The book you should be reading
Miles Saltiel is one of us, a Senior Fellow here at the ASI. He is also author of an interesting little new book available here. Given that Saltiel is one of us it is of course a perfectly formed volume and at a very free market price of only 99 p.
However, it's also rather more than that as it's a little bit of instant history. Saltiel was running a blog and discussion group of various connected and high level people in the run up to the Brexit referendum and beyond. This is a collection of pieces from those discussions. And the joy of such collections is that they are indeed that instant history.
All too often the historian is looking back, knowing how things turned out, and then fitting events into that knowledge structure. The advantage of something like this, a diary almost of the discussion, is that we can see opinions changing as they really did change, without that hindsight. How we all thought that leave got a head of steam up in that last couple of weeks to be derailed by the awful murder. The Remainiacs attempting to capitalise on it rather being ignored by the public - but even so, right on the eve of the vote most thinking that remain had won. And then the realisation that we really were going to be free and sovereign again.

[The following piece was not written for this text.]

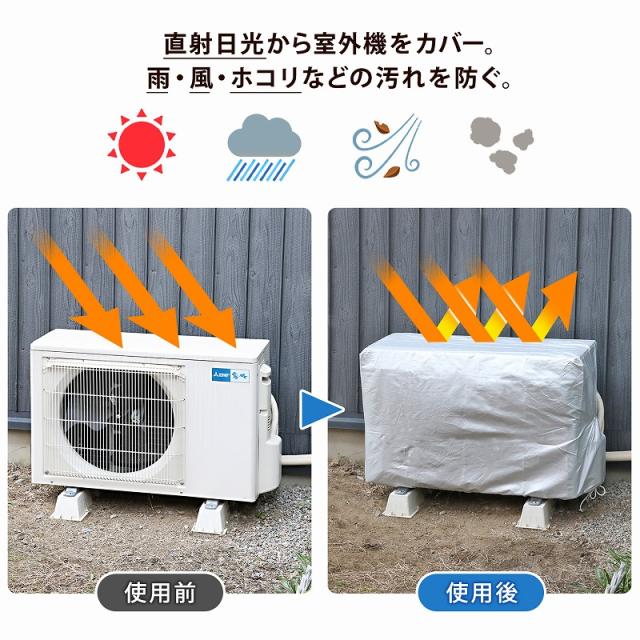 エアコン室外機カバー 室内機用 シルバー 撥水加工 スリット・ひも付き アストロ 113-09

Quite the most important part is the discussion after the vote. As it becomes clear that the EU will offer nothing without freedom of movement. And as that's the red line over on our side (while Saltiel and we think said freedom a jolly good idea that's not what either the people nor the government believe) then the rest of the decision is already taken for us.
As we are going to restrict immigration therefore we will be having hard, or as Eamonn Butler, also of this parish, puts it, clean, Brexit. For there isn't anything else to be had given the migration stance.
As a whole it's an interesting read as a record of how people realised and when what was going on. The important policy part is what is said after the vote has been won. And as a guide to what will happen that analysis seems spot on to us.